[[ Extracted entries open ]]
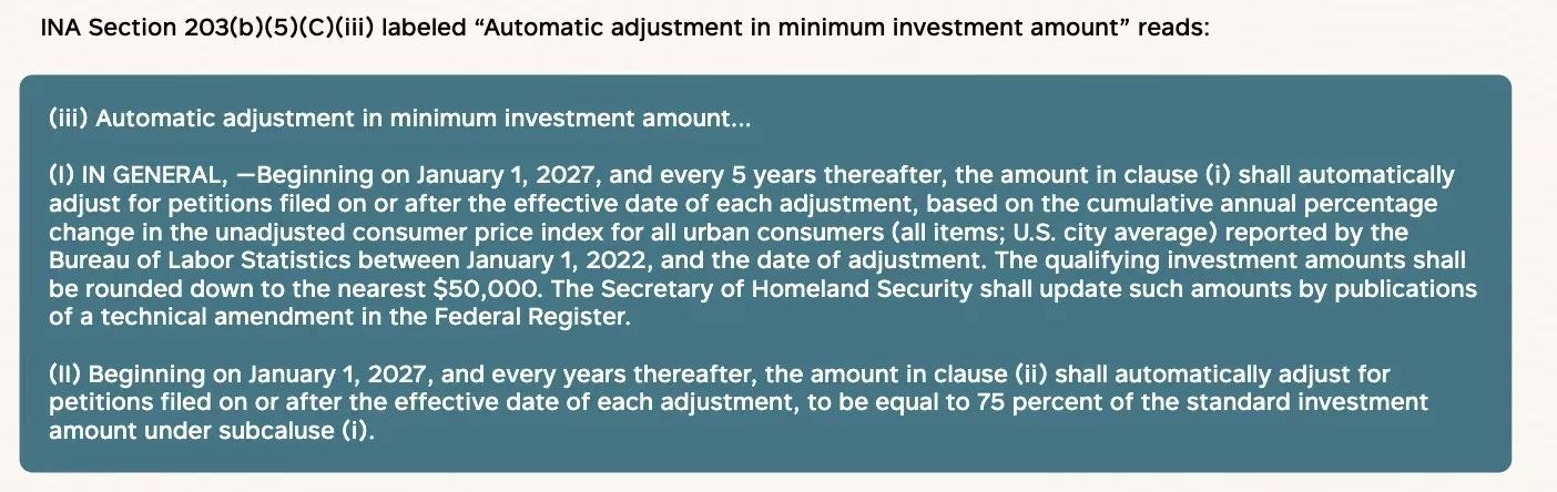 早在2022年,EB-5新政就有规定:其最低投资金额需按照通胀指数(CPI)进行调整。
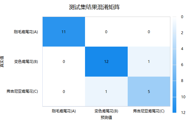 ‘混淆矩阵’时,右下三角对角线的值越大越好,其表示预测值和真实值完全一致。本测试数据中有2个样本被判断类别出错,整体模型较优。
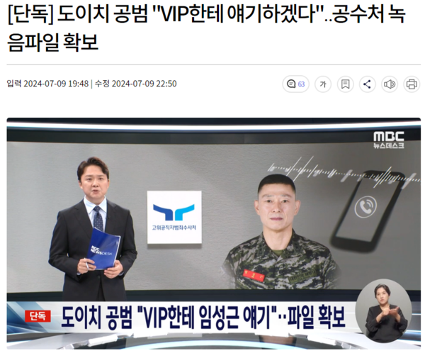 MBC도 “[단독] 도이치 공범 ‘VIP한테 얘기하겠다’..공수처 녹음파일 확보” “[단독] ‘김 여사 개인적으로 알아’..주가조작 선수와 관계는?” 제목의 뉴스를 방송했다. 같은 날 밤 한겨레는 “[단독] 도이치 공범 ‘임성근 구명’ 녹취에 군·경찰 인사 관여 정황” "'[단독] VIP에게 임성근 얘기하겠다, 김건희 도이치 공범 녹취 공개" 제목의 기사를 냈다. 3개 매체가 비슷한 내용의 뉴스에 모두 ‘단독’을 앞에 달아 보도한 셈이다.
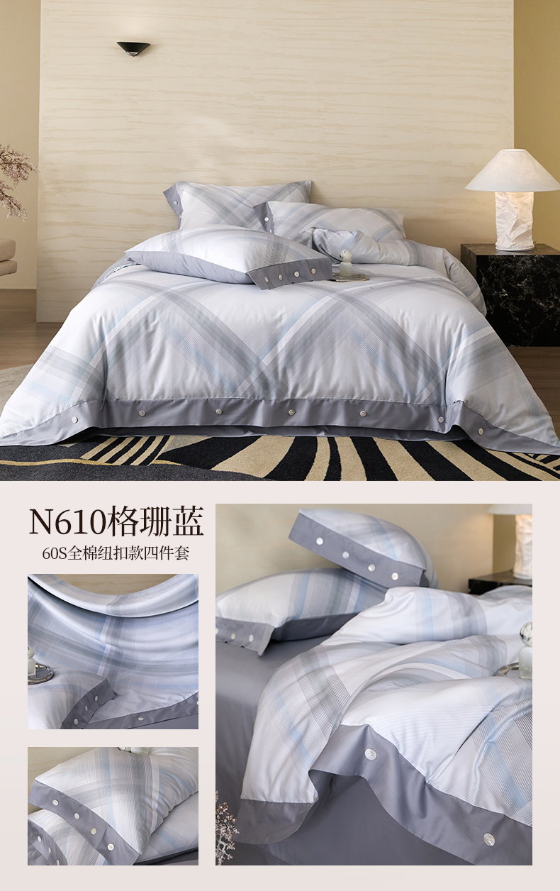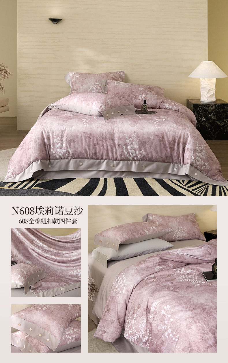 当前位置: 91家纺网 > 商品网购 > 床品套件 > 四件套 > 长绒棉四件套 > 梧桐树 2026新款60支长绒棉纯棉宽边纽扣系列四件套 N608埃莉诺豆沙
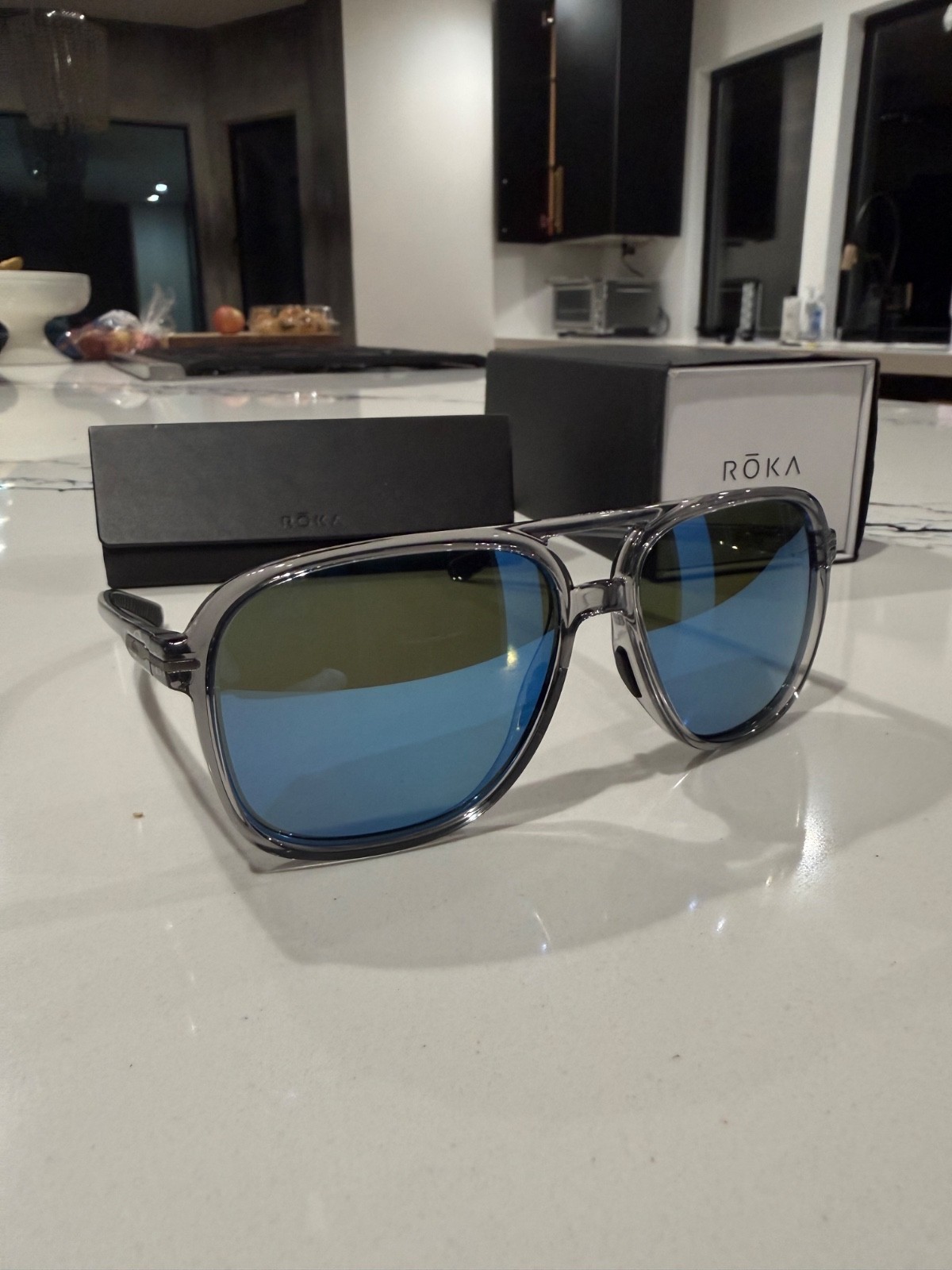 как выглядит Roka Bandera Sunglasses Crystal Grey Frame Glacier Mirror Polarized Lens фото
[[ Extracted entries closed ]]
* [Assignment] Could you reproduce every entry exactly, leaving out the pictures?

* [Written answer]
 早在2022年,EB-5新政就有规定:其最低投资金额需按照通胀指数(CPI)进行调整。
 ‘混淆矩阵’时,右下三角对角线的值越大越好,其表示预测值和真实值完全一致。本测试数据中有2个样本被判断类别出错,整体模型较优。
 MBC도 “[단독] 도이치 공범 ‘VIP한테 얘기하겠다’..공수처 녹음파일 확보” “[단독] ‘김 여사 개인적으로 알아’..주가조작 선수와 관계는?” 제목의 뉴스를 방송했다. 같은 날 밤 한겨레는 “[단독] 도이치 공범 ‘임성근 구명’ 녹취에 군·경찰 인사 관여 정황” "'[단독] VIP에게 임성근 얘기하겠다, 김건희 도이치 공범 녹취 공개" 제목의 기사를 냈다. 3개 매체가 비슷한 내용의 뉴스에 모두 ‘단독’을 앞에 달아 보도한 셈이다.
 当前位置: 91家纺网 > 商品网购 > 床品套件 > 四件套 > 长绒棉四件套 > 梧桐树 2026新款60支长绒棉纯棉宽边纽扣系列四件套 N608埃莉诺豆沙
 как выглядит Roka Bandera Sunglasses Crystal Grey Frame Glacier Mirror Polarized Lens фото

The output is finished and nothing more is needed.